Cruz’s legislation was blocked by Democrats after its first introduction, but Cruz has continued to introduce the bill in each Congress. The bill would set a federal mandatory minimum of five years in prison for any illegal reentry offense.

Now it is being introduced again with a Republican-controlled House and a slim Democrat majority in the upper chamber, and it comes amid a broader push by Republicans and conservatives to implement tougher policies to prevent illegal entry, including more deportations and additional border security.

‘Eight years ago, when I first introduced Kate’s Law, I was just as shocked and dismayed that Kate Steinle was killed by an illegal felon who had reentered the U.S. as I am today,’ Cruz said in a statement to Fox News Digital on Wednesday. ‘Almost a decade has gone by since this shooting, and we have yet to strengthen federal law to prevent a tragedy like this from recurring.’

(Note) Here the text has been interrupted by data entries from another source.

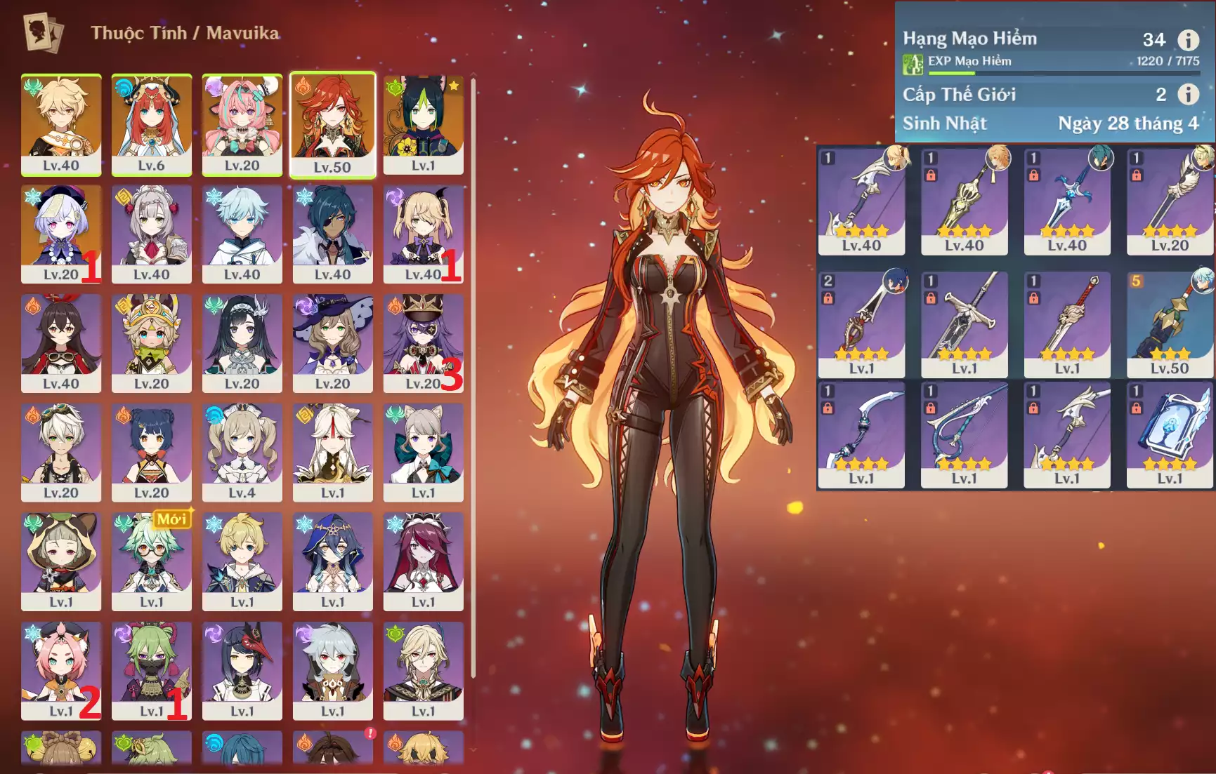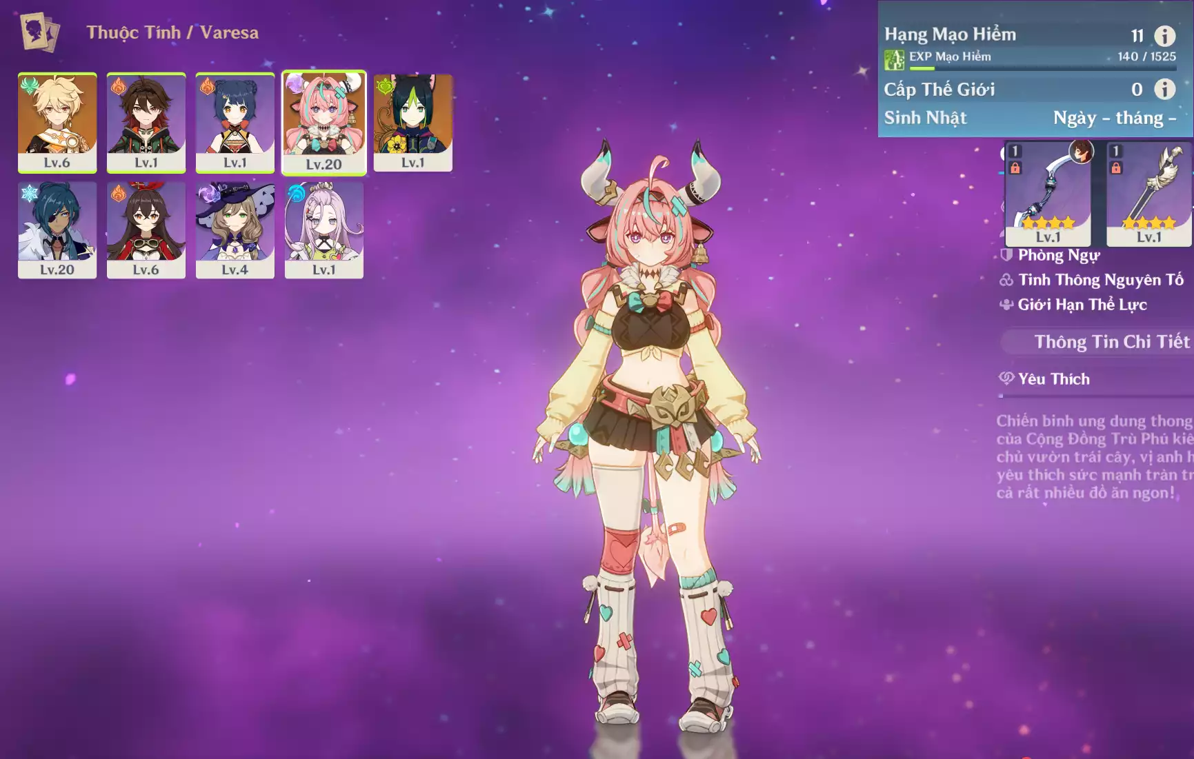 #356534 500,000đ 500,000đ AR level 11 Khu Vực asia Tướng 5* 2 Ar11 : Varesa + Tighnari _ banner nhân vật 30/90 ( chưa set user + sinh nhật ) Tướng : 2 Vũ khí : 0 Chi tiết
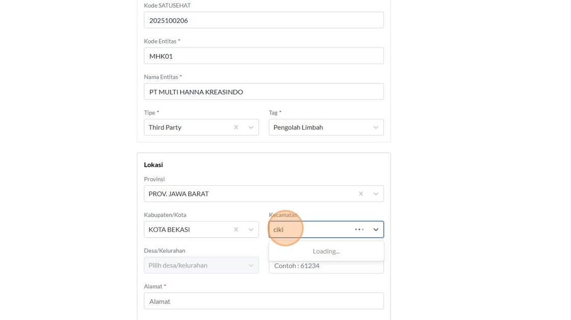 27. Click the "Alamat" field.
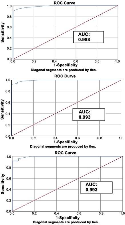 The receiver operating characteristic (ROC) curve processed for the 1 hr postoperative period iPTH assay presented 93.9% sensitivity and 94.4% specificity for a cut of value of ≤14.0 pg/mL and mean AUC (area under the ROC curve) 0.988. It was statistically significant. The ROC curve processed for the 4 hr postoperative period iPTH assay presented 95.9% sensitivity and 94.4% specificity for a cut of value of ≤09.5 pg/mL and mean AUC 0.993. It was statistically significant. The ROC curve processed for the 24 hr postoperative period iPTH assay presented 91.8% sensitivity and 94.4% specificity for a cut-off value of ≤11.0 pg/mL and mean AUC 0.993. It was statistically significant (Figure 2).

‘The first time this legislation was stopped by Senate Democrats, I vowed to continue fighting for Kate’s Law, and I am proud to introduce this legislation once again to prevent aggravated felons from preying on innocent Americans,’ he said.

The push comes as the U.S. is still dealing with more than 200,000 migrant encounters at the border each month. In fiscal year 2023 so far, there have been more than 1.6 million migrant encounters, after nearly 2.4 million in fiscal year 2022, which set a new record. In May, there were more than 204,000 migrant encounters.

Republicans have blamed the policies of the Biden administration for the surge, including more instances of ‘catch and release,’ the end of the Trump-era border wall construction, the end of the ‘Remain in Mexico’ policy and reduced interior enforcement.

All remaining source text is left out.